The metal traded at $33,550 a tonne on Thursday, having more than doubled in price this year. Higher world prices have reduced Chinese demand for imported nickel as some small and medium-scaled stainless steel mills and plating factories reduce production of nickel-base products.

"You just look at our sales, which have halved from 2005," a manager at a trading firm in China's northern Inner Mongolia region said of reduced Chinese demand for imported nickel. The trading firm prefered not to keep any stocks of refined nickel for spot sales, he said.

It kept more than 120 tonnes of refined nickel in stocks for spot sales in previous two years. Costs of importing refined nickel were more than 320,000 yuan ($40,952) a tonne versus sales prices at about 315,000 yuan in Shanghai on Thursday, traders estimated.

But China still imported 7.6 per cent more refined nickel to 86,908 tonnes in the first 11 months this year as it does not produce enough for its consumption.

"The government wants to encourage imports. The price of nickel is high and really has hurt trade," a trader at a Shanghai-based firm said.

Traders said Beijing this year had already given a preferential tax of 1 per cent to many importers on refined nickel to encourage inflow.

Overseas suppliers were offering Russian metal at premiums of $300 to $400 a tonne over cash prices of the London Metal Exchange nickel for delivery in 2007 to Chinese ports, against $250 to $350 this year, traders said. Chinese buyers were seeking premiums below $300.

Beijing also would introduce a 5 per cent tax on exports of tungsten and ammonium paratung state, and a 15 per cent tax on export of indium, scrap indium and indium powder, the ministry said on its website.

A new 15 per cent tax on exports of unwrought molybdenum, scrap molybdenum and molybdenum powder would take effect in January, the ministry said.

China is the world's top supplier of tungsten and molybdenum, both used to strengthen steel.

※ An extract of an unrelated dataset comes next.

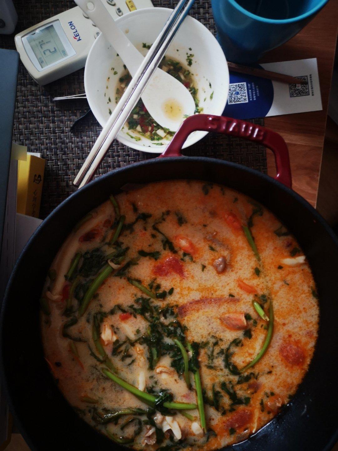 维生素A 做过 被夸爆的冬阴功汤【泰国学厨】超级好操作! 高汤加入了玉米白菜和白萝卜,配料加了冬阴功酱块和有心虾酱,煮了鲍鱼虾茼蒿海鲜菇和河粉,最后放了点肥牛简直太好吃了~对了还调了酸辣口蘸汁,绝了#午餐•2020年8月5日# 2020-08-05

Higher taxes could raise price requirements from Chinese exporters and that may drive up world prices.

"We are watching the market and then will decide what to do," said an official at Jinduicheng Molybdenum Mining Corp, the country's top producer of the metal. Industry officials had also expected Beijing to introduce a 5 per cent tax on exports of aluminium billet in 2007 but the alloy was not included on the latest list. The export tax for antimony would be left unchanged at 5.0 per cent, the ministry said.